- Roche is deepening its commitment to neuroscience, agreeing to a licensing deal with Ionis to develop two preclinical RNA medicines for Alzheimer’s and Huntington’s diseases, Ionis said Wednesday.
- Per deal terms, Roche is paying $60 million upfront for rights to the undisclosed drugs, and will assume responsibility for developing them once they are ready for human trials. Ionis could receive further payments if clinical, regulatory and commercial milestones for the drugs are met.
- Roche has invested heavily in Alzheimer’s drug development, advancing two antibody therapies into Phase 3 testing only to find they didn’t slow disease progression. The Swiss drugmaker has fallen behind rivals Eisai, Biogen and Eli Lilly, which have benefited from recent clinical development successes.
Roche and Ionis have worked together for years. The two are currently collaborating on tominersen, a type of drug called an antisense oligonucleotide that blocks the expression of a protein mutated in Huntington’s disease. That drug is in a Phase 2 trial measuring biologic signs of disease as well as patient function.
They also have partnered on an antisense drug Roche is testing in kidney disease and Ionis is studying as a treatment for an age-related eye disorder.
In Alzheimer’s, Roche was among the early innovators to develop antibody drugs capable of blocking a protein called amyloid that accumulates in the brains of people with the disease. Roche hit clinical setbacks, as did Lilly, Biogen and Eisai.

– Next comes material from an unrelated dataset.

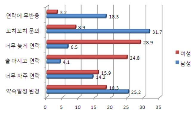 남성의 경우엔 '이것저것 꼬치꼬치 물을 때'(31.7%)가 가장 많았고, '약속일정을 바꿀 때'(25.2%), '연락해도 반응이 없을 때'(18.3%), '너무 자주 연락할 때'(14.2%) 등이 그 뒤를 이었다.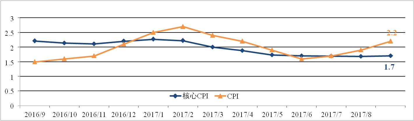美國9月物價指數(shù)增速回升,但略低于市場預期。9月美國CPI為2.2%,較 上月擴大0.3個百分點,核心CPI為1.7%,與上月基本持平。颶風襲擊美國產(chǎn) 油區(qū)造成能源產(chǎn)能下降推高原油價格是CPI上漲的主要原因。

Now, however, Eisai’s Biogen-partnered drug Leqembi is approved in the U.S. and Lilly’s donanemab is under Food and Drug Administration review.
Roche hasn’t fully ended its anti-amyloid drug work yet, continuing tests of one called crenezumab in people who have an inherited form of Alzheimer’s. It’s also still studying a formulation of the twice-failed drug gantenerumab that’s designed to better reach into the brain.
Other mid-stage assets include two antibody drugs that target another protein implicated in Alzheimer’s disease, called tau. The company recently disclosed Phase 1 data from a drug targeting another protein known as gamma secretase that’s related to amyloid buildup.
Huntington’s disease has proven nearly as difficult as Alzheimer’s to treat, with approved medicines so far only able to reduce involuntary movements. Ionis and Roche are among several companies seeking to help patients by blocking mutant proteins, although their drug tominersen has had setbacks, too.
The Ionis deal signals Roche wants to keep stocking its pipeline with new approaches for treating Alzheimer’s and Huntington’s. Ionis demonstrated that it can successfully develop a drug for a degenerative neurological disorder when Biogen gained FDA approval for Qalsody, an Ionis-invented treatment for amyotrophic lateral sclerosis.